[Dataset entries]
-=-=-=-=-
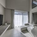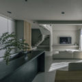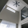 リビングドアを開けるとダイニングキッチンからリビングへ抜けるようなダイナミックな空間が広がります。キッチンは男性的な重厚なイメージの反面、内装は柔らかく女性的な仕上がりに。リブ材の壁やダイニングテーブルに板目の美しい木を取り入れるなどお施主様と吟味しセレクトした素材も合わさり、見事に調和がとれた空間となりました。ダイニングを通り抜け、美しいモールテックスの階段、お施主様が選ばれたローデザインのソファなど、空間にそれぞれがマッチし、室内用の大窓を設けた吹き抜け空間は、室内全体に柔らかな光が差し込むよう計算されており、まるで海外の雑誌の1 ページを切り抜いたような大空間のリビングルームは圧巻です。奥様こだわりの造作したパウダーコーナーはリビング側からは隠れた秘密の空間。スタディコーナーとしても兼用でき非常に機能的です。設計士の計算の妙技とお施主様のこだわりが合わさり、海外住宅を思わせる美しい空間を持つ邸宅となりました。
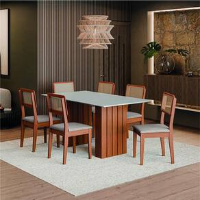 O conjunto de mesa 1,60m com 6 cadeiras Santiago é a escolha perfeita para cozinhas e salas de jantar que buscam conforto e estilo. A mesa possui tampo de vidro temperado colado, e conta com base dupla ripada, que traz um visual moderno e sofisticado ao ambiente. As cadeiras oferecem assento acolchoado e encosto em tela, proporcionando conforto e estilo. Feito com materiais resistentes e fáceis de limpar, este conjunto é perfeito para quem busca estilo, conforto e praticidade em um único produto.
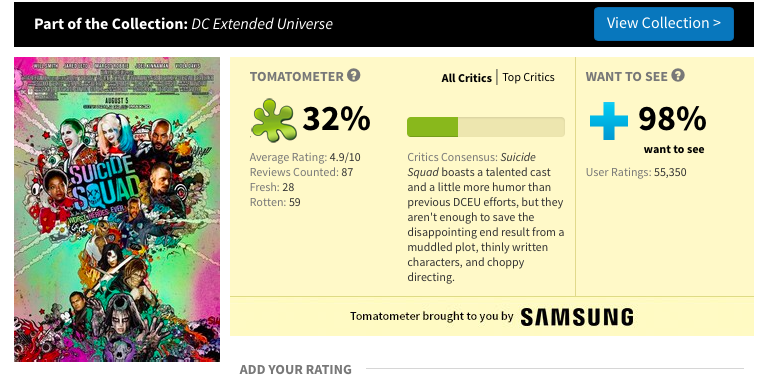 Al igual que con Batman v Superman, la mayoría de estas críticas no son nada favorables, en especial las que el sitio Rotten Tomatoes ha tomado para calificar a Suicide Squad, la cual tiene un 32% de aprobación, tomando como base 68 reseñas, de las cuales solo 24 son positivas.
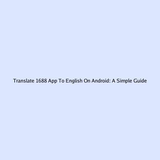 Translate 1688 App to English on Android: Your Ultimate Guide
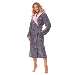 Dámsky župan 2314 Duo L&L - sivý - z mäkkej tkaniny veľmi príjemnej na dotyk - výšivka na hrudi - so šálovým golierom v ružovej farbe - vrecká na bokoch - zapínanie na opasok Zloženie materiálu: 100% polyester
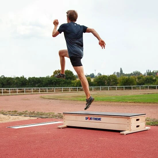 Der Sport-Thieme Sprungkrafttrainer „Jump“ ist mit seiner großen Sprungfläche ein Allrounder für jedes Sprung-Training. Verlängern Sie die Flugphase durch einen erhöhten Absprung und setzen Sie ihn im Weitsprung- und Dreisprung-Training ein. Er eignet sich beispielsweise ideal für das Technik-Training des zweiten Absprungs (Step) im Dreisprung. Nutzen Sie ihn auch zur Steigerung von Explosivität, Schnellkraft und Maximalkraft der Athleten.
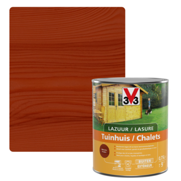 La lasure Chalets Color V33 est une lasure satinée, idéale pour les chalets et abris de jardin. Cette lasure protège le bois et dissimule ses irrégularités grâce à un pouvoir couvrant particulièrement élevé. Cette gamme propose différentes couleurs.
-=-=-=-=-
_PROBLEM TO SOLVE_. No pictures should appear in the copy, and each record above is to be returned exactly.

_OUTPUT FOR THIS TASK_.
 リビングドアを開けるとダイニングキッチンからリビングへ抜けるようなダイナミックな空間が広がります。キッチンは男性的な重厚なイメージの反面、内装は柔らかく女性的な仕上がりに。リブ材の壁やダイニングテーブルに板目の美しい木を取り入れるなどお施主様と吟味しセレクトした素材も合わさり、見事に調和がとれた空間となりました。ダイニングを通り抜け、美しいモールテックスの階段、お施主様が選ばれたローデザインのソファなど、空間にそれぞれがマッチし、室内用の大窓を設けた吹き抜け空間は、室内全体に柔らかな光が差し込むよう計算されており、まるで海外の雑誌の1 ページを切り抜いたような大空間のリビングルームは圧巻です。奥様こだわりの造作したパウダーコーナーはリビング側からは隠れた秘密の空間。スタディコーナーとしても兼用でき非常に機能的です。設計士の計算の妙技とお施主様のこだわりが合わさり、海外住宅を思わせる美しい空間を持つ邸宅となりました。
 O conjunto de mesa 1,60m com 6 cadeiras Santiago é a escolha perfeita para cozinhas e salas de jantar que buscam conforto e estilo. A mesa possui tampo de vidro temperado colado, e conta com base dupla ripada, que traz um visual moderno e sofisticado ao ambiente. As cadeiras oferecem assento acolchoado e encosto em tela, proporcionando conforto e estilo. Feito com materiais resistentes e fáceis de limpar, este conjunto é perfeito para quem busca estilo, conforto e praticidade em um único produto.
 Al igual que con Batman v Superman, la mayoría de estas críticas no son nada favorables, en especial las que el sitio Rotten Tomatoes ha tomado para calificar a Suicide Squad, la cual tiene un 32% de aprobación, tomando como base 68 reseñas, de las cuales solo 24 son positivas.
 Translate 1688 App to English on Android: Your Ultimate Guide
 Dámsky župan 2314 Duo L&L - sivý - z mäkkej tkaniny veľmi príjemnej na dotyk - výšivka na hrudi - so šálovým golierom v ružovej farbe - vrecká na bokoch - zapínanie na opasok Zloženie materiálu: 100% polyester
 Der Sport-Thieme Sprungkrafttrainer „Jump“ ist mit seiner großen Sprungfläche ein Allrounder für jedes Sprung-Training. Verlängern Sie die Flugphase durch einen erhöhten Absprung und setzen Sie ihn im Weitsprung- und Dreisprung-Training ein. Er eignet sich beispielsweise ideal für das Technik-Training des zweiten Absprungs (Step) im Dreisprung. Nutzen Sie ihn auch zur Steigerung von Explosivität, Schnellkraft und Maximalkraft der Athleten.
 La lasure Chalets Color V33 est une lasure satinée, idéale pour les chalets et abris de jardin. Cette lasure protège le bois et dissimule ses irrégularités grâce à un pouvoir couvrant particulièrement élevé. Cette gamme propose différentes couleurs.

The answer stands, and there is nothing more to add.